Figure 14. Fingerprinting clustering analyses with 107 and 217 oligo probes at threshold values from 60 to 100 (top of the figure) and DNA-fragment hybridization with probe identified as GenBank “X1785 Xenopus mRNA for thyroid hormone” against all DNA fragments attached to the chip (bottom of the figure).

 

Gene_encore Figure_15 

Figure 15. Fingerprinting clustering analyses with 107 and 217 oligo probes at threshold values from 60 to 100 (top of the figure) and DNA-fragment hybridization with probe identified as GenBank “X03558 Human mRNA elongation factor” against all DNA fragments attached to the chip (bottom of the figure).

 

The results are very exciting, because they show, that entire cDNA clone library characterization and precise fingerprinting clustering is technically achievable and really applicable with relatively larger number of oligonucleotide probes. The precision of the clustering, for example, of only two DNA-clones out of 31,000 in a separated cluster, which was equal to the reality existing situation, is an amazing achievement. In one other case, the DNA-clone"attached-DNA clones hybridization exposed (detected) only 4 DNA-clones assumed to be really similar. (Figure 15, top). However clustering analysis showed two of them in the same cluster and the other 2 were in another 2 different clusters (Figure 15, bottom left). It was really amazing, that a stringent membrane wash (2h at 90°C) eliminated them as members of the same cluster (Figure 15, bottom right; note, that they are attached as top-to bottom replicas – i.e. exposed as 4 dots while being only 2 different DNA-clones – on the left and right on the chip image)! The additional 2 DNA-clones visualized on the left chip image (while absent on the image to the right) were very similar clones, but with slightly different sequences and this high-similarity was nevertheless discriminated by our fingerprinting approach proving to demonstrate precision higher than the standard clone-clone hybridization experiment..

  

Unknown DNA Sequence Recognition Based Upon Oligonucleotide Fingerprinting Results

The cDNA clone sequences were identified by comparing the list of oligomers’ sequences that were identified to occur in them (by the means of hybridization fingerprinting) against all known DNA sequences from GenBank. For each hybridization signature (fingerprint) consisting of specific number of hybridization intensities (signal values), a list was compiled – consisting of the corresponding oligo-sequences demonstrating only perfect-match hybridizations among all the 260 oligomer probes and exhibiting the highest hybridization intensities. The list of all the 260 oligomers was augmented by the additional 260 reverse complementary oligomers (because both strands of the PCR products were hybridized and the orientation of oligomers against the genetic data could not be resolved) – these served as additional sequence-data (and hybridization) verification since both reverse-complementary DNA strands are present in the labeled hybridization pool.

To identify the most frequently occurring cDNAs, the clones from the original Human brain cDNA library were clustered at high computational stringency (to maximize sequence-homogeneity of clones within clusters) and a single representative cDNA clone from the 100 largest clusters was selected for further investigation. The corresponding 260-oligomer lists were used as a database for searches using known DNA sequences as queries. A total of 195 searches involving gene sequences of average length of 2.5 kb were performed against the database consisting of the 260-oligomer lists.

 

Usage of degenerative oligo probes and capability of discriminating genes with extremely-high sequence similarities among large-scale DNA libraries containing highly abundant gene transcripts.

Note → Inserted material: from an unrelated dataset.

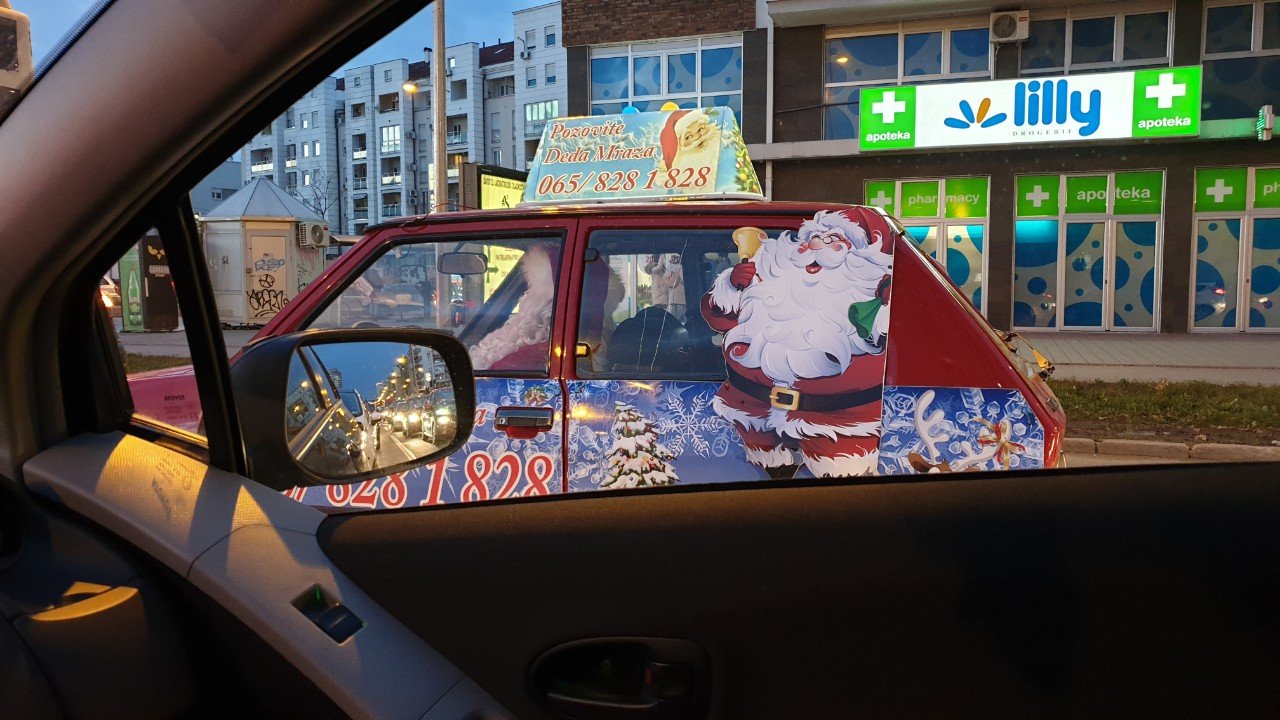 Novosadski dedamraz u Yugiši na semaforu

The “impossible dream” in the oligo-fingerprinting technology is achieving the ability to discriminate and identify unknown genes of families with relatively high abundance expressed at moderate levels from entire organisms’ libraries. For example, ability to detect specific immunoglobulin transcripts of unknown cell-clones between two different cDNA libraries obtained from two closely-related genetic lines of laboratory animals and, moreover, to discriminate between these highly-similar immunoglobulin gene sequences based solely upon the oligo-fingerprinting results. 

For the purpose of testing our technology, we initially performed GenBank® similarity search and analysis to identify a very-short regions within the immunoglobulin transcripts which would exhibit gene-specific (unique) sequences – aside of the otherwise extremely-high sequence similarity among all of the known immunoglobulins’ transcripts. With another words, at the current time, no data was known to exist for sequence variability of a chosen immunoglobulin gene or its mRNA gene family, nor any investigation was well documented as to the level of its transcription variability or the specific particular biological function served. In order to investigate the capabilities of different oligonucleotide designs and limited number of oligos to serve as discriminatory and finger-printing tool, we designed and probed relatively small number of degenerated oligos of sizes 13-mers, 15-mers, and 17-mers and hybridized them with labeled cDNA from 2 very-close mouse lines – NZW and NZBW – one consisting of healthy mice and another – exhibiting acute renal failure.   

This experiment proved the exclusive capability of detecting single-nucleotide variation detection and single-nucleotide-based discrimination in both – gene expression pattern difference among very-closely related mammals and a single-type molecular gene profiling of an unknown genetic content. The oligonucleotide fingerprinting precision was so high, that it led to correction of the GenBank® sequence data establishing a single-nucleotide deviation (or detected gene mutation) in the data submitted in GenBank® by multiple investigators. The results are represented on the figures 16, 17 and 18 below.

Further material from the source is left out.